## WORK REQUEST
Starting at the top of the records below, write out each line exactly as it stands, stopping after the line with "Esposizione di dodici"; exclude the pictures.

------------

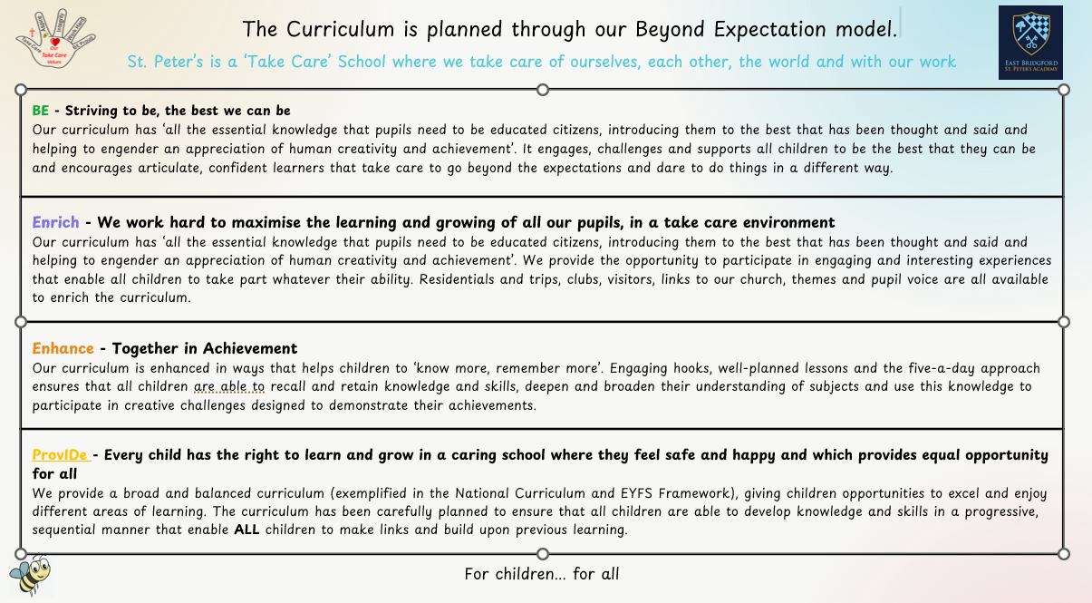 Subject specific information on how we implement our Beyond Expectation curriculum can be found in the subject tabs.
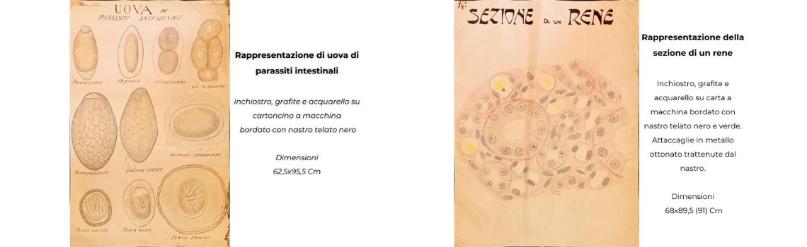 Esposizione di dodici tavole parietali, risalenti agli anni 1920 - 1940, di dimensioni 90x60, disegnate e colorate a mano, raffiguranti schemi di fisiopatologia, strutture anatomiche, alterazioni patologiche, cellule ematiche.
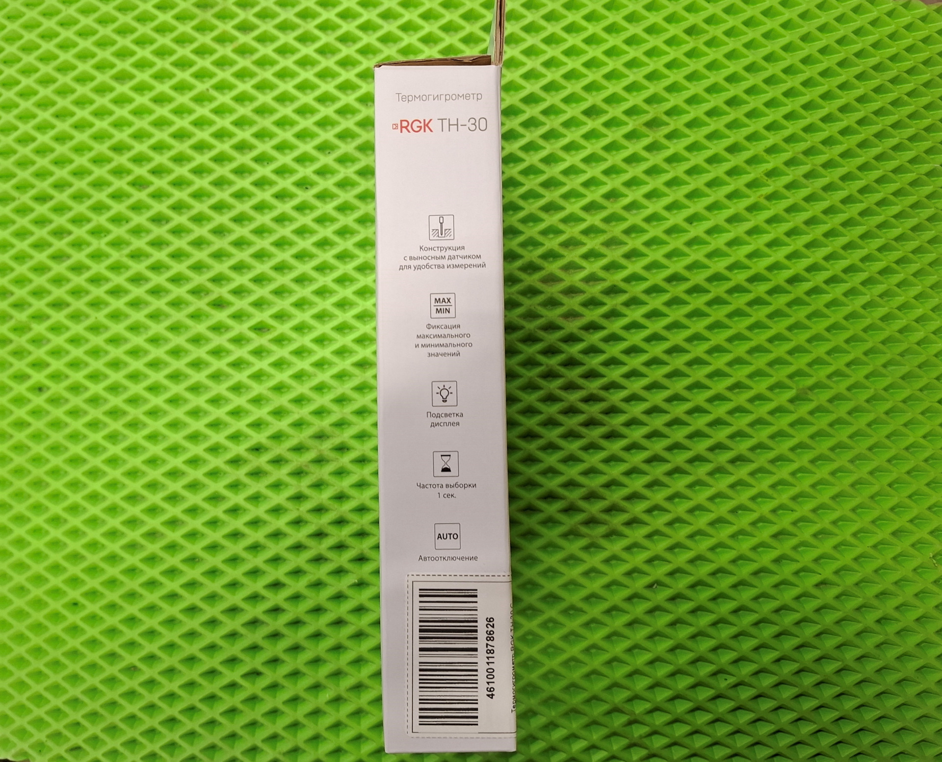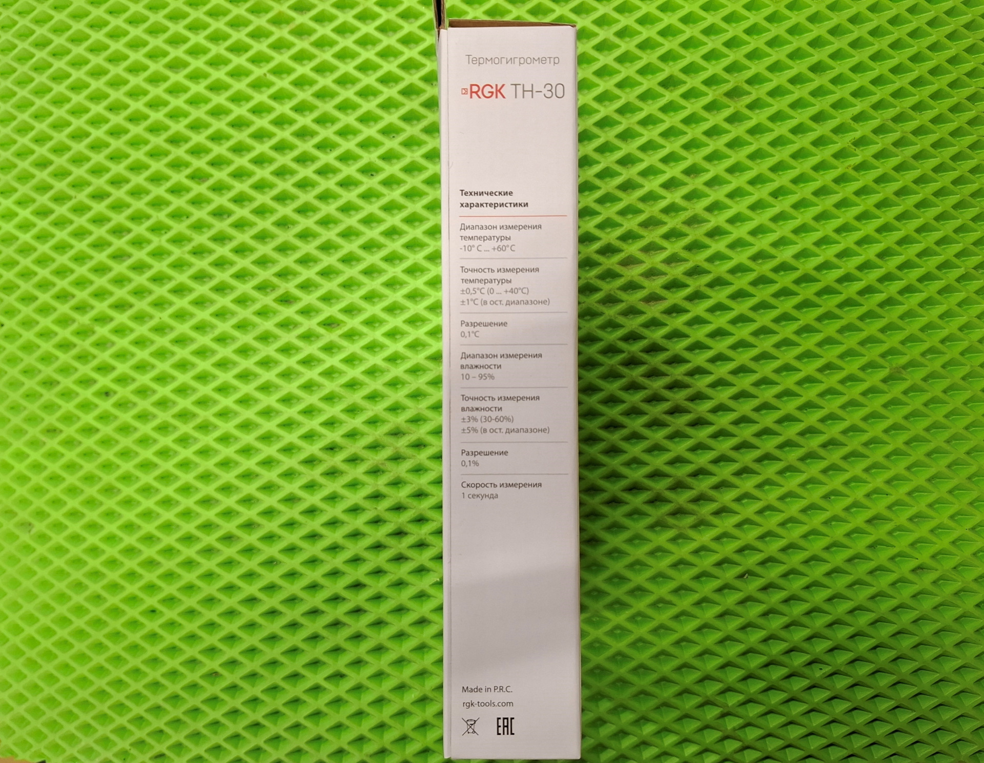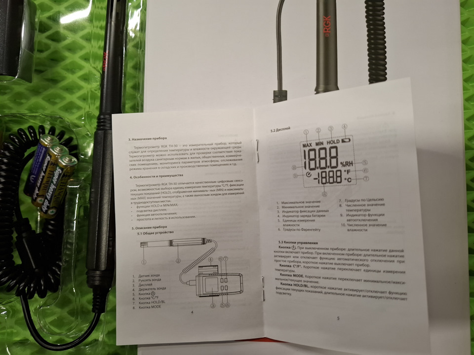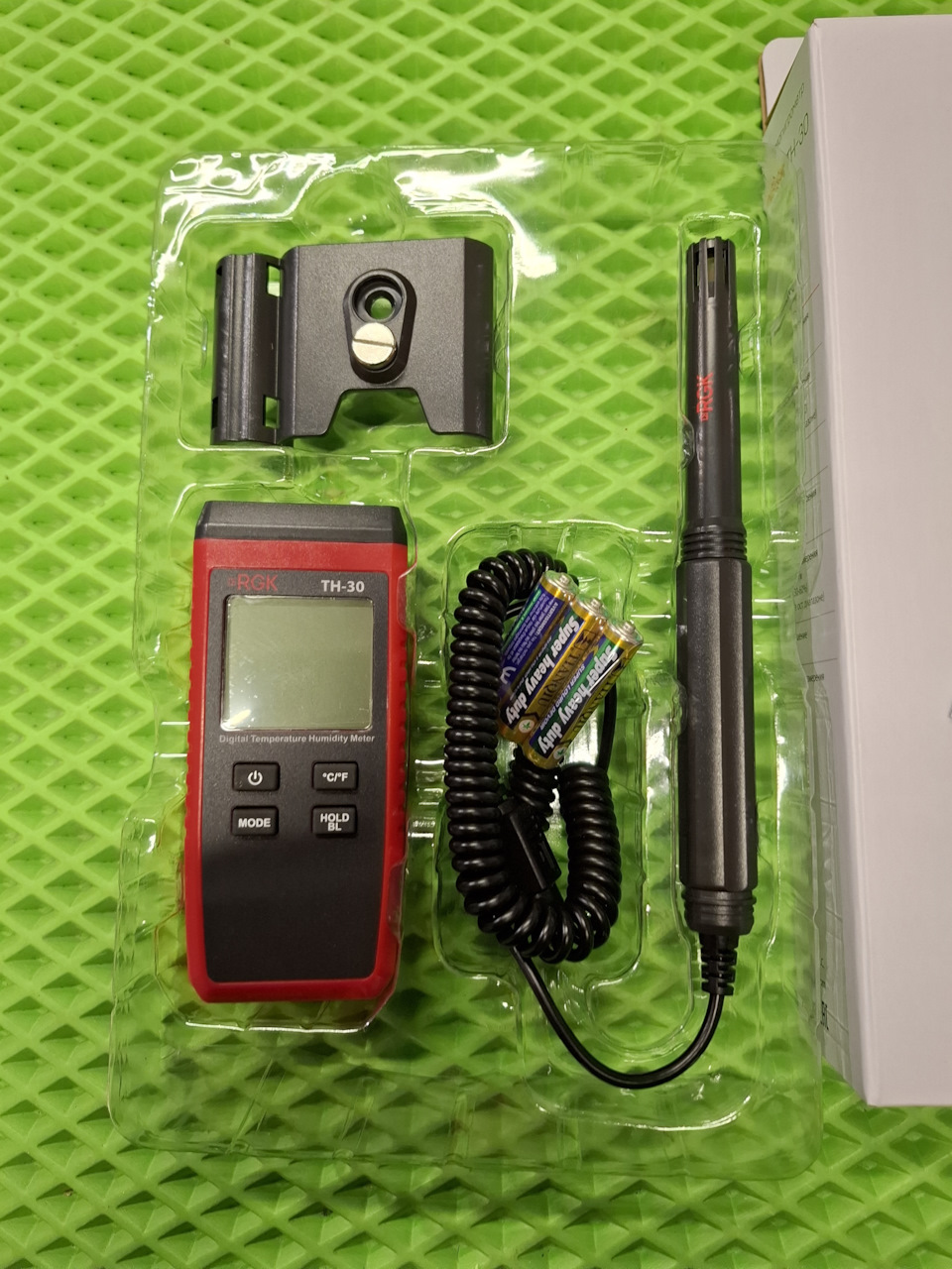 Термогигрометр RGK TH-30 — имеет выносной датчик, экран с отображением температуры и влажности, частота измерений 1 замер в секунду, в отличие от базовой RGK TH-12. Имеется возможность фиксации результатов, подсветка экрана, имеется специальный держатель для датчика.
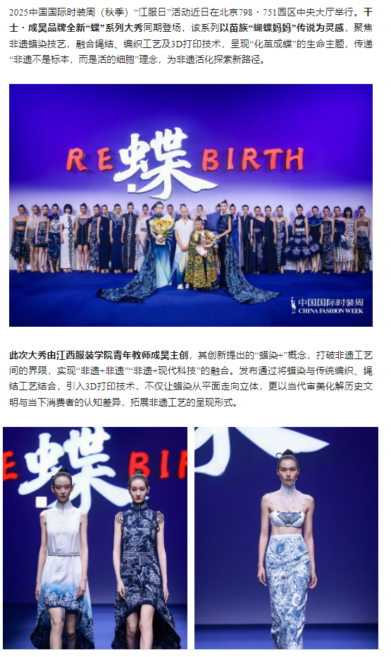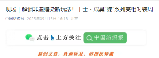 中国纺织报:现场|解锁非遗蜡染新玩法!干士・成昊“蝶”系列亮相时装周
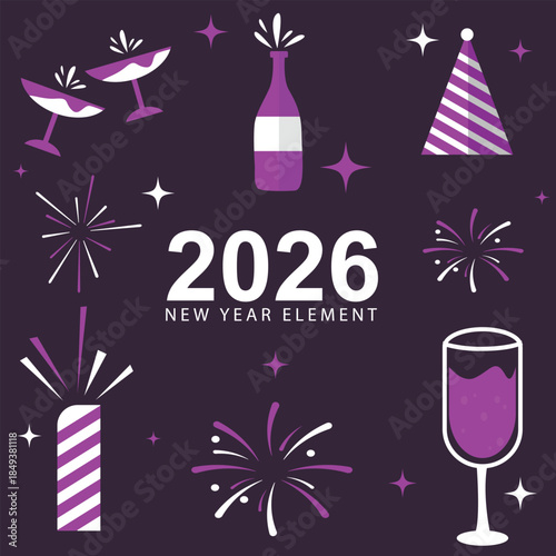Modern New Year 2026 elements on a dark background featuring purple champagne, party hats, and white stars, creating a sophisticated and festive celebratory atmosphere.

------------

## REPLY
 Subject specific information on how we implement our Beyond Expectation curriculum can be found in the subject tabs.
 Esposizione di dodici tavole parietali, risalenti agli anni 1920 - 1940, di dimensioni 90x60, disegnate e colorate a mano, raffiguranti schemi di fisiopatologia, strutture anatomiche, alterazioni patologiche, cellule ematiche.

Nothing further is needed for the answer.